## Your goal:
Within the material below, locate the line with "Longitudinal change in" and the line with "Các đại biểu", then return those two lines and all lines between them, exactly as written.

## Entries supplied:
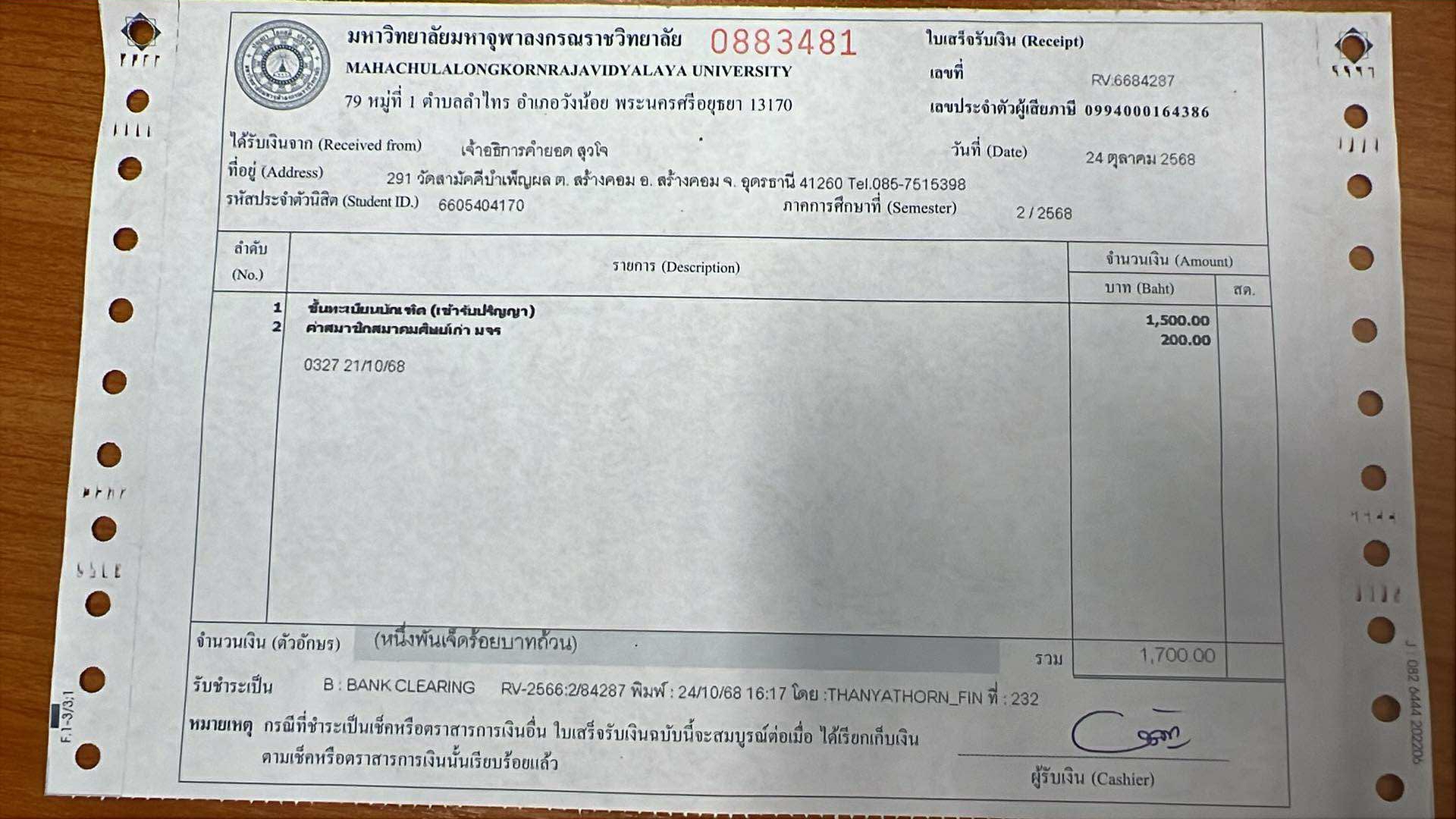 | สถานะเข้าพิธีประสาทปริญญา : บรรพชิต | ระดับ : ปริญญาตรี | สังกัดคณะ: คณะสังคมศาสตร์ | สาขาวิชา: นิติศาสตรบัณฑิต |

--

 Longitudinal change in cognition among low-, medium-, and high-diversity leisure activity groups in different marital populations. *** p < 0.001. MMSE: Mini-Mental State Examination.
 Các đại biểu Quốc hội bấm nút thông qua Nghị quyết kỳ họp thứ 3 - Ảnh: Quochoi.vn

## Problem solution:
 Longitudinal change in cognition among low-, medium-, and high-diversity leisure activity groups in different marital populations. *** p < 0.001. MMSE: Mini-Mental State Examination.
 Các đại biểu Quốc hội bấm nút thông qua Nghị quyết kỳ họp thứ 3 - Ảnh: Quochoi.vn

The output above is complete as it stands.